Rattner, Abraham
RATTNER, ABRAHAM
RATTNER, ABRAHAM (1893–1978), U.S. painter and sculptor. An expressionist artist who painted many biblical subjects imbued with subjective elements, Rattner was born in Poughkeepsie, New York, to Russian immigrant parents. He studied at George Washington University and the Corcoran School of Art in Washington, d.c., and attended the Pennsylvania Academy of Fine Arts in Philadelphia. His studies were interrupted by service in the army during World War i as a camouflage artist. Upon his return from war Rattner re-enrolled at the Pennsylvania Academy and soon won a fellowship to travel in Europe. After his travels, Rattner lived in Paris (1920–39), only returning to the United States because of Germany's invasion of France. While in Paris, Rattner received additional art instruction at École des Beaux-Arts, Grand Chaumière, and Académie Ranson. He had his first one-man show at the Galerie Bonjean in Paris (1935), from which the French government bought Card Party for the Louvre. At this time Rattner exhibited paintings influenced by Cubism and Futurism. Later that year Rattner had a one-man exhibition in New York at the Julien Levy Gallery, establishing the artist as a progenitor of the avant-garde in contrast to the Social Realist imagery popular in New York at the time. Much of Rattner's early work was abandoned when he hurriedly left France and was destroyed before the artist could return after the war.

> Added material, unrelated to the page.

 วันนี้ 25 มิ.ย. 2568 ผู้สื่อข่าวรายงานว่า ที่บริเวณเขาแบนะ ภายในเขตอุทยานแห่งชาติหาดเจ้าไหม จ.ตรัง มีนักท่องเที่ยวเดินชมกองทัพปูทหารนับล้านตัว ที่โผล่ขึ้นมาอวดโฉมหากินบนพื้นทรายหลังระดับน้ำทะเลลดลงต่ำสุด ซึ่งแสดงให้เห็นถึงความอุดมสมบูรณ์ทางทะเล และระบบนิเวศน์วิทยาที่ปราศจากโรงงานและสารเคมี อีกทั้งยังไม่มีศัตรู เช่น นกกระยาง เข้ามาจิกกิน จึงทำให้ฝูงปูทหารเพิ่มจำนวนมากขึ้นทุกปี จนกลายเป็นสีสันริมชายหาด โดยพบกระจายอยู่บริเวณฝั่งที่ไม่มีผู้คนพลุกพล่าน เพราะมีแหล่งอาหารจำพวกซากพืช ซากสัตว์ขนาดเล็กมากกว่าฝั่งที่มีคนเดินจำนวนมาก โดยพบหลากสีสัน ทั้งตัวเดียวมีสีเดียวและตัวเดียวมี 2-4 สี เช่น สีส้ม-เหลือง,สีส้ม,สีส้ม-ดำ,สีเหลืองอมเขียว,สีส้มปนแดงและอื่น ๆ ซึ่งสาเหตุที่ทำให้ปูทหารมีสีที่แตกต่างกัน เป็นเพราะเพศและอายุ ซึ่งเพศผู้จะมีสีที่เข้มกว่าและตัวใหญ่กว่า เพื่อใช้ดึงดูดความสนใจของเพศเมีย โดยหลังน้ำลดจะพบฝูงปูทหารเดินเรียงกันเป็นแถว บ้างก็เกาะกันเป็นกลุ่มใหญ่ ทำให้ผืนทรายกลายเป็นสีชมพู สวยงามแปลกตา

Soon after settling in New York, Rattner toured the eastern and southern United States with Henry Miller in 1940. Their travels resulted in the book The Air-Conditioned Nightmare, with text by Miller and drawings by Rattner. Distraught by the war, Rattner responded with a series of Crucifixion paintings conceived in what would become known as his signature style. Descent from the Cross (1940, Art Institute of Chicago) shows a cubistically rendered Jesus helped down from a bright red cross by two geometrically delineated figures. The segmented figures, painted with exaggerated limbs and oversized features, are colorful in conception with thick black lines separating the juxtaposition of warm and cool hues. Many of Rattner's later paintings, which are often pictured in multiple versions of biblical themes – such as Moses, Ezekiel, and Job–employ a heavy paint application and stronger abstraction.
He designed mosaics and a tapestry column for Fair-mount Temple in Cleveland, Ohio (1957), and a stained-glass window, And God Said Let There Be Light, for the Chicago Loop Synagogue (1958). In 1968, Rattner exhibited his canvas Victory – Jerusalem the Golden (1967–68, collection unknown) to honor the celebration of Israel's 20th anniversary of independence. In 1969, he painted The Gallows of Baghdad series to protest the hanging of nine Jews in Iraq. Opened in 2002, the Leepa-Rattner Museum on the Tarpon Springs campus of St. Petersburg College contains the largest holdings of Rattner's work in the world.
bibliography:
A.S. Weller, Abraham Rattner (1956); A. Leepa, Abraham Rattner (1974); R. Henkes, The Spiritual Art of Abraham Rattner: In Search of Oneness (1998).